EDITORIAL | Women’s Day, but little has changed

#TheTotalShutdown 'I said "enough", he killed my child to punish me.'
#TheTotalShutdown 'I said "enough", he killed my child to punish me.'
Image: Corine Ross APSSA

It is deeply distressing that we seem to be losing the fight against gender-based violence.

Only last week The Herald ran a front page report on #TheTotalShutdown march in Nelson Mandela Bay where hundreds of women protested against gender-based violence. Since then, the campuses of both Rhodes and Nelson Mandela universities have erupted in further anger after the suicide of an alleged rape victim in Makhanda (Grahamstown) and the alleged rape of a female student on NMU’s Summerstrand campus. The war of the sexes is not only a metaphor, it is indeed a battle ground where the bodies of women continue to be killing fields.

If nothing else, the marches of the past week have exposed a vast chasm between the views of many men and those of women and members of the LGBTQ community. They have also thrown up appalling double standards. As marchers have found, a man may swear without being criticised, but a woman who holds up a placard with the same strong words, is viewed as rude or provocative.

The impassioned placards show how angry women are and their numbers include bright young students on whose shoulders our leadership hopes for the future are resting.

We should be taking them seriously and it is heartening that both Rhodes and NMU are putting in place gendereducation programmes.

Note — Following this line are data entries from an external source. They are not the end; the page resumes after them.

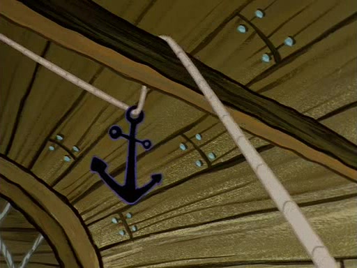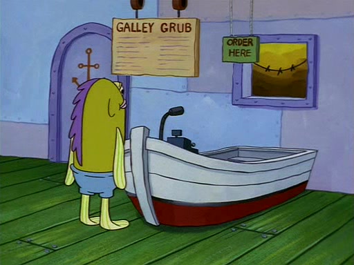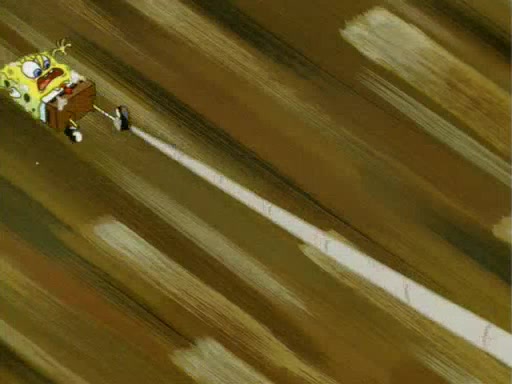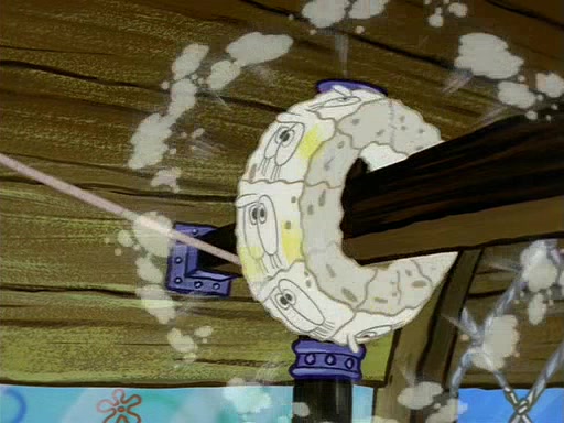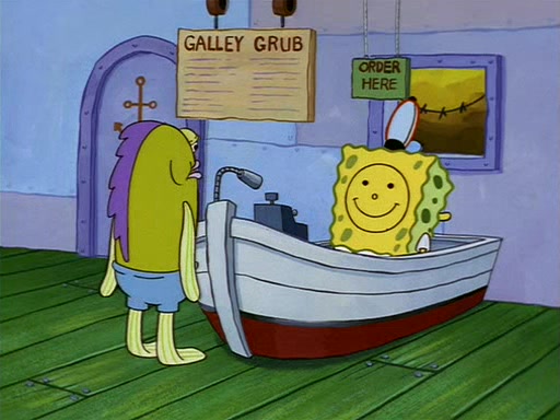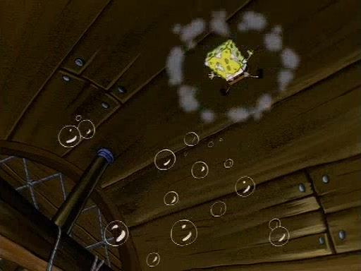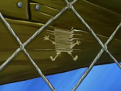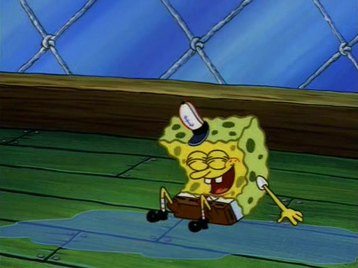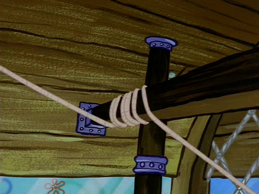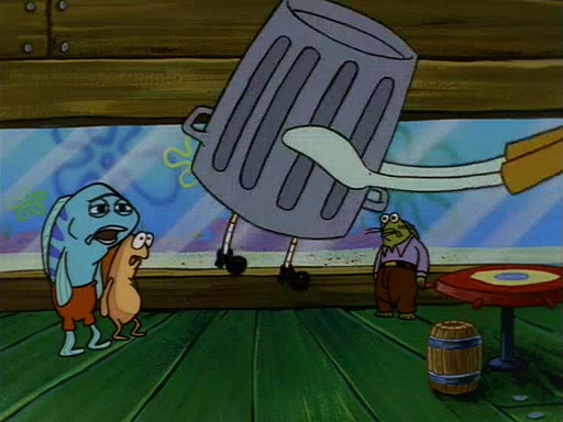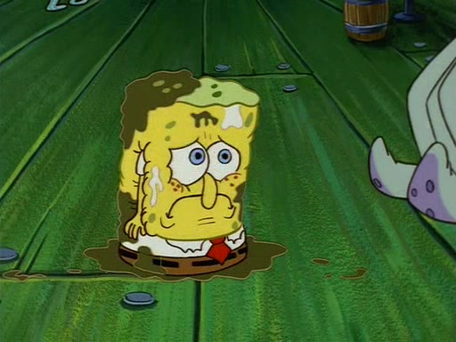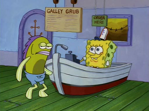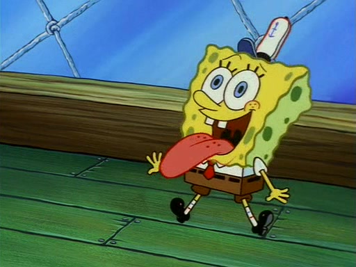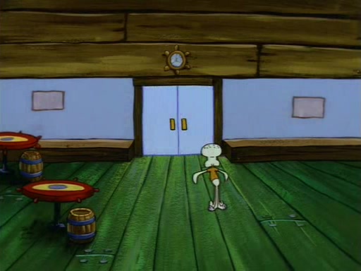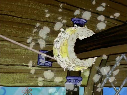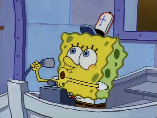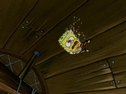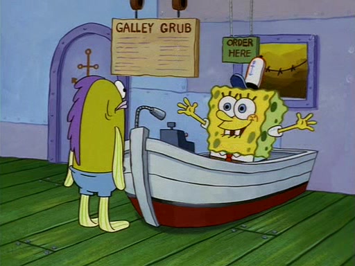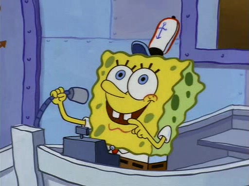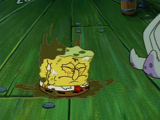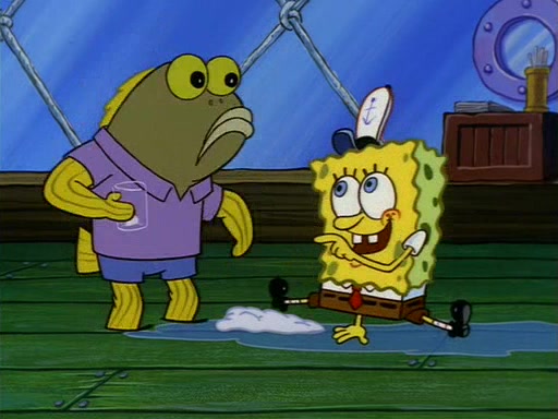 SpongeBob goes to clean it up, and he gets his leg caught in the lasso. Squidward cuts a nearby rope, triggering a chain reaction which sends SpongeBob flying around the restaurant, colliding into several objects and areas, ending with him into landing in a garbage can. Squidward laughs hysterically at him and celebrates his victory, but an emotionally and physically hurt SpongeBob runs out of the restaurant in tears. Bewildered by SpongeBob's reaction, Squidward calls out to him, saying that he was just kidding, even turning to the customers for confirmation.
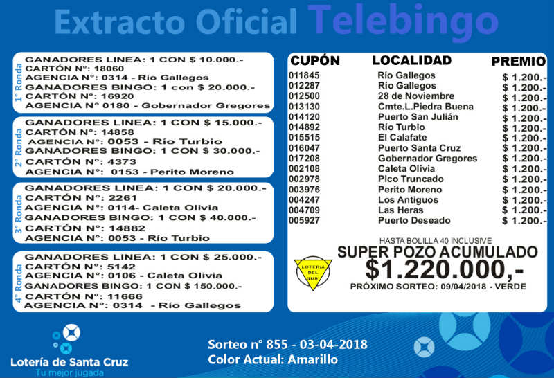Se realizó un nuevo sorteo del producto de Lotería para Obras de Acción Social (LOAS) de la provincia de Santa Cruz, Nº 855. Sigue vacante el superpozo a la bolilla 40 del Telebingo que ahora supera el "Millón" de pesos. MIRE EL EXTRACTO GENERAL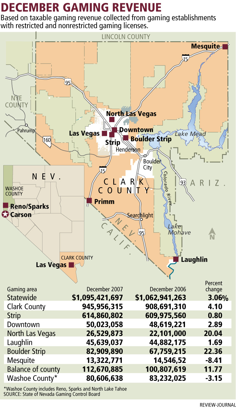 December's gaming win gave Nevada a boost to close out the year. Casinos won $1.095 billion during the month, a 3.06 percent increase compared with $1.062 billion won in December 2006. On the Strip, casinos won $614.8 million, a less-than 1 percent increase compared with $609.9 million won the year before.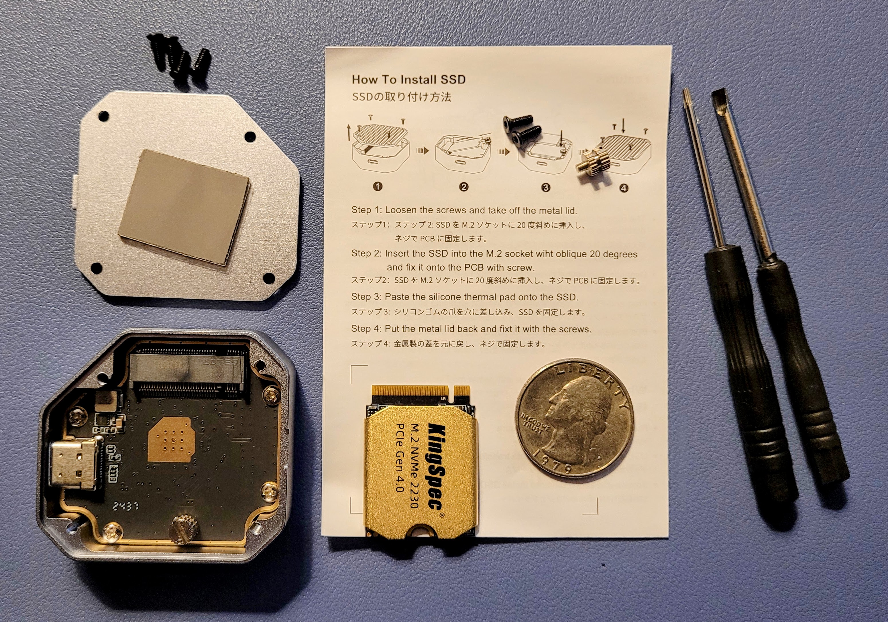 Warning: the screws are small! Also, you might note that the silver toolless screw shown in the image beside step #4 has a channel milled into it. The cutout on the NVMe drive slots into that channel so that the drive is properly aligned and secured in the device.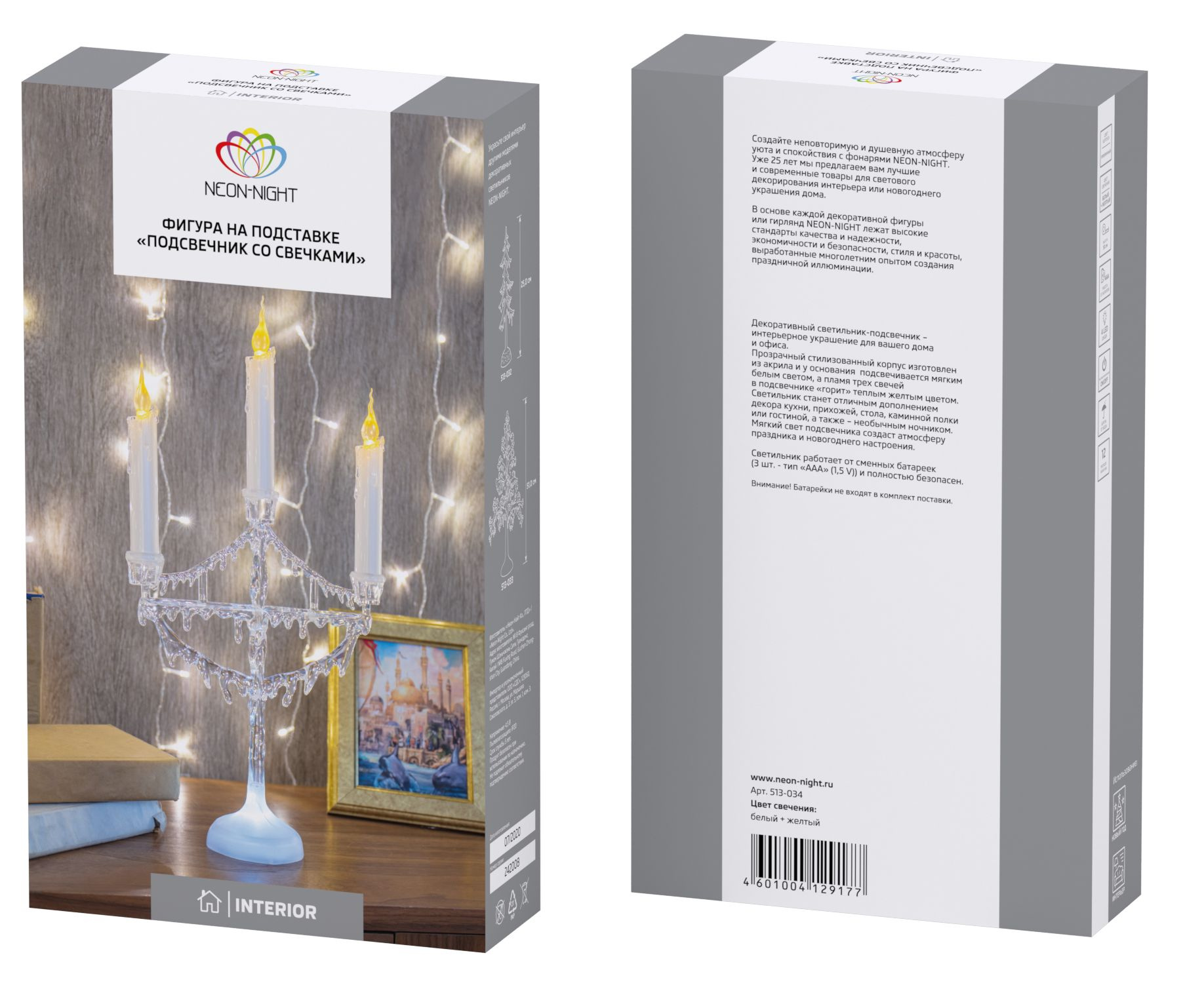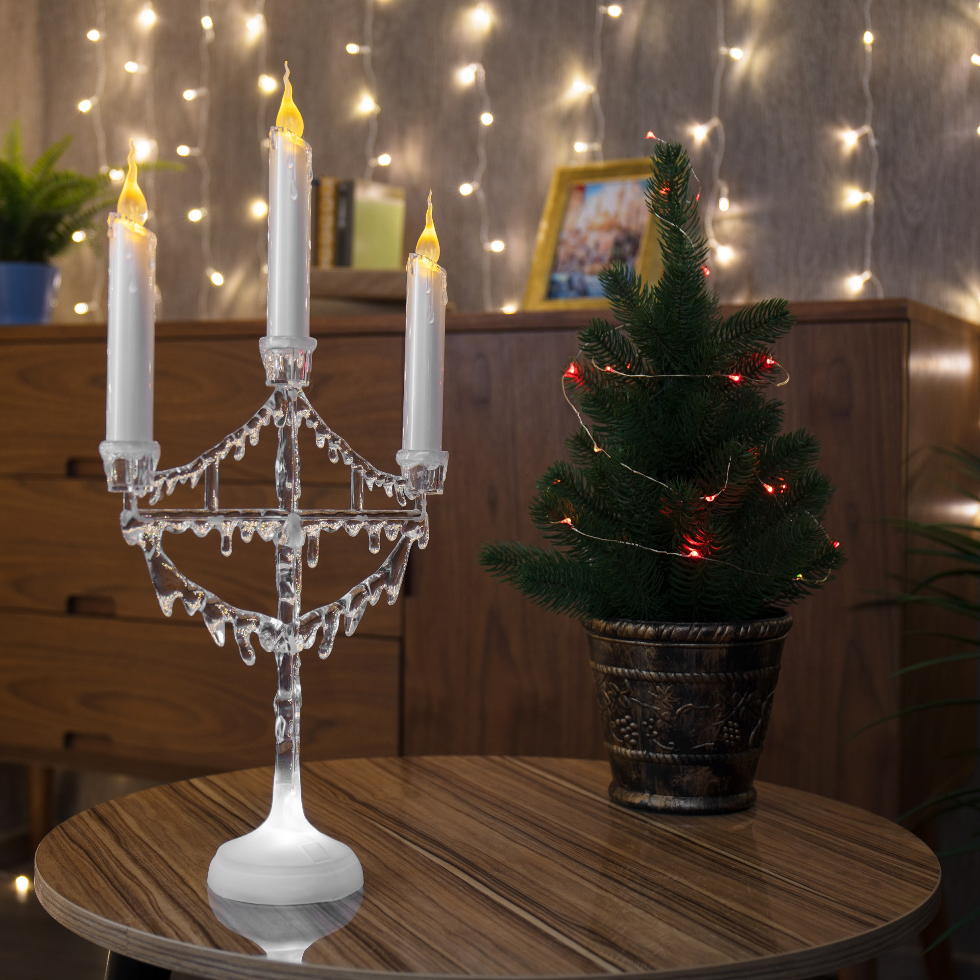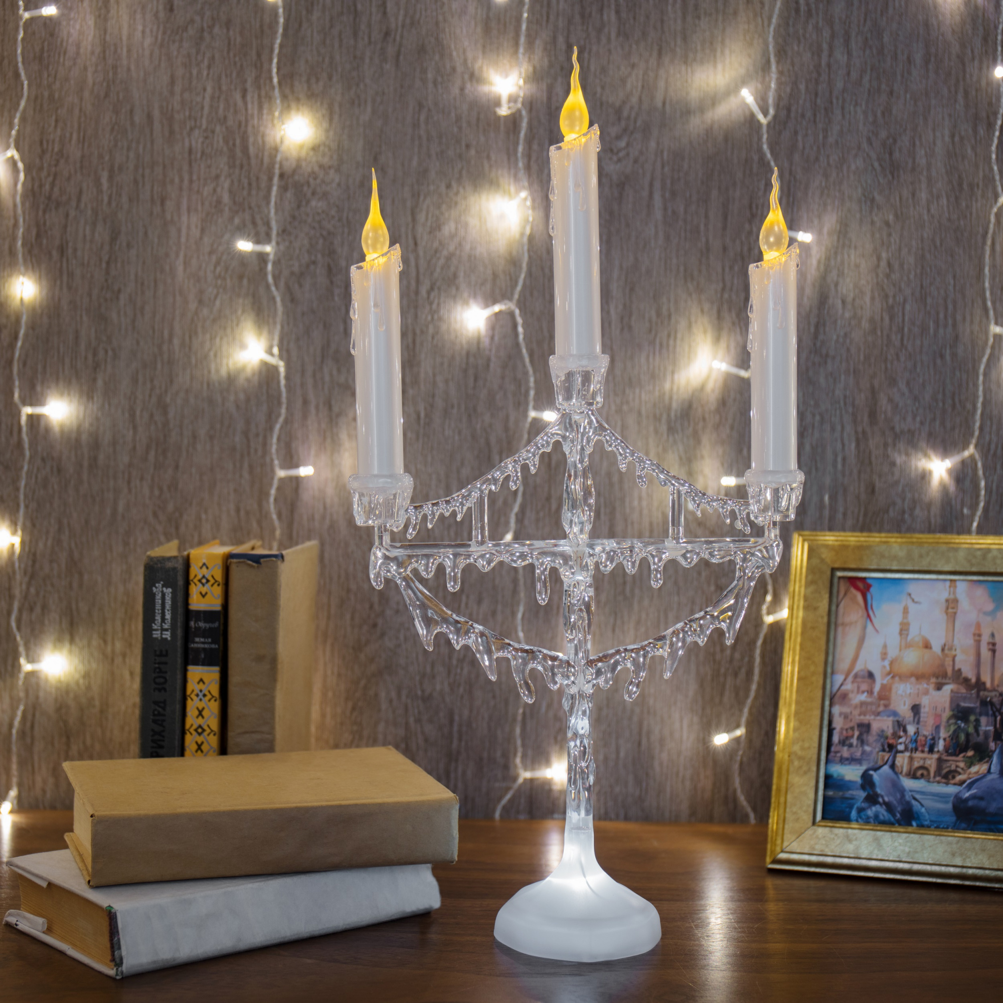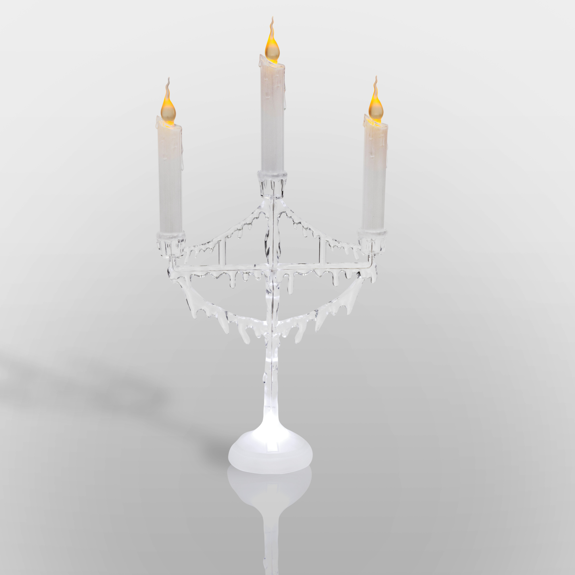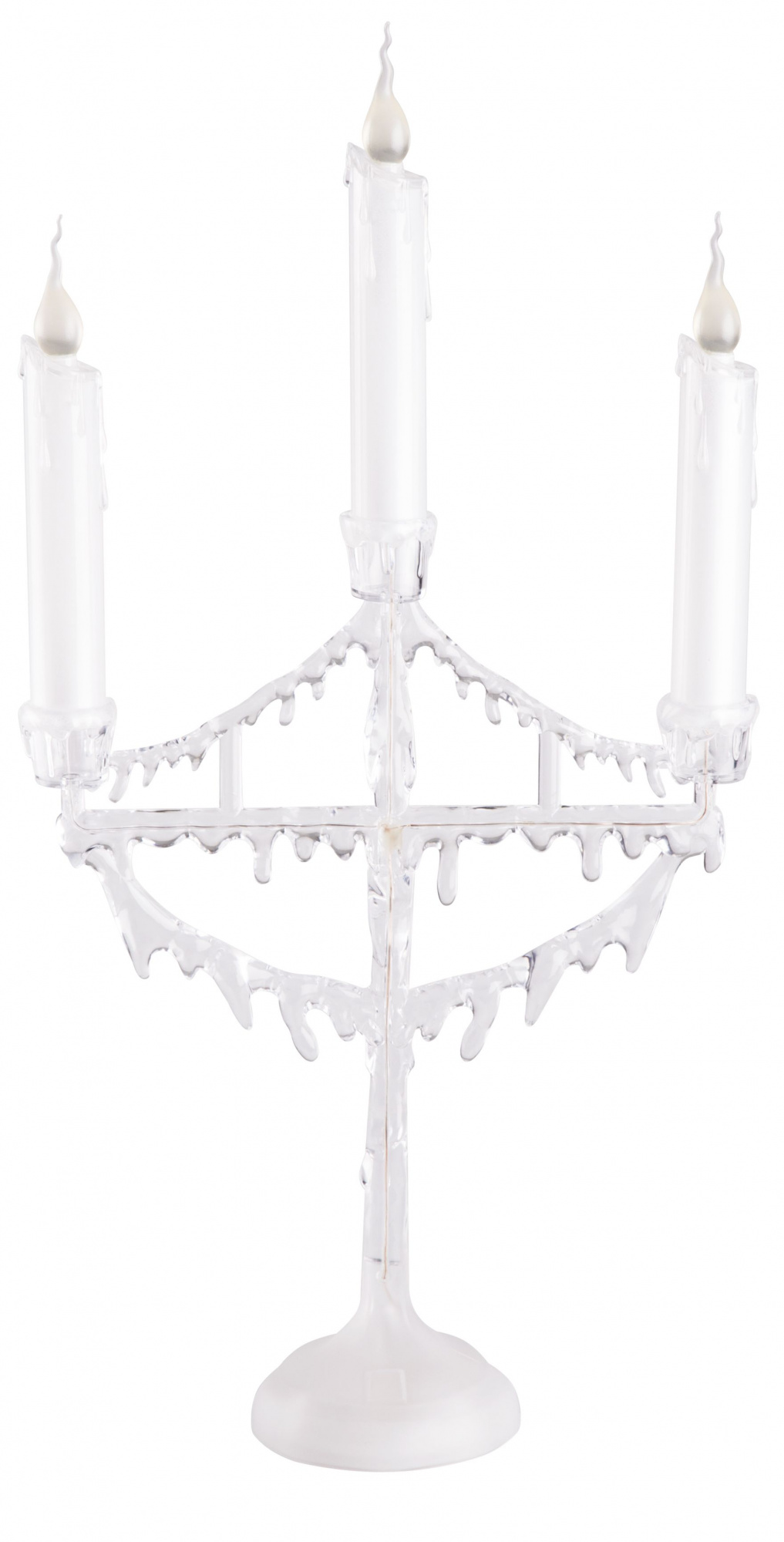 Портативный подсвечник предназначен для оформления интерьера в помещении. Может использоваться в качестве ночника: при работе бесшумен. Свечи с подтаявшим воском и ярким пламенем напоминают настоящие. Долговечные диоды мягкого холодного сияния не нагреваются и минимально расходуют электроэнергию.
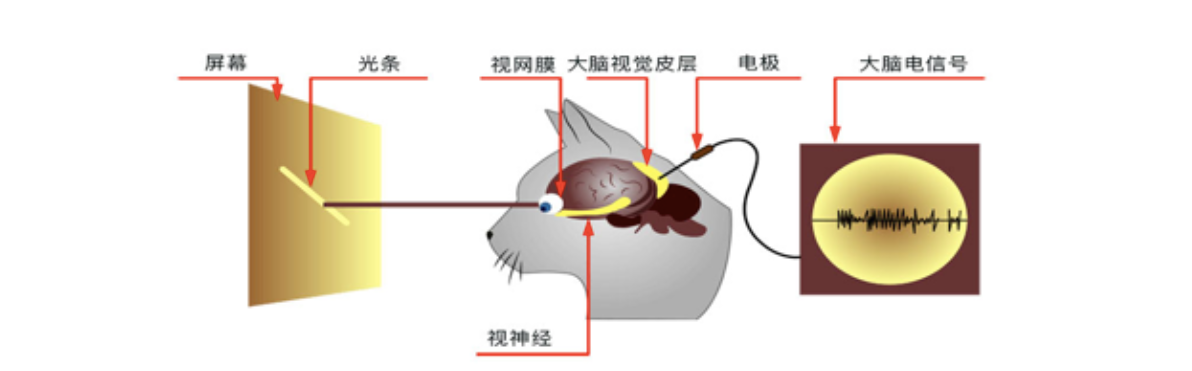 我们已经知道,光点在视网膜上是怎么被感觉到的。简单来说,光通过晶状体折射,照到哪里,哪里的感光细胞就会出现电信号。1958年,两个三十出头的神经科学家休伯(David Hubel)和威瑟(Torsten Wiesel),在合作研究动物是怎么看到光点的”

After all, the first Women's March took place on this date 62 years ago in Pretoria, when 20,000 women protested against the apartheid pass laws.

Then, we had apartheid prime minister JG Strijdom leading the country, today we have a democratic state President Cyril Ramaphosa. However, although the political leadership and landscape both have changed irrevocably since August 91956, millions of women are still victims of sexual discrimination and gender-based violence.

Today the focus is away from iniquitous race laws and the spotlight is on gender issues. Babies born to marchers in 1956 are now due for a state pension, yet little may have changed for their mothers, sisters and daughters.

It is now time for citizens – men and women – to hear and act on the message.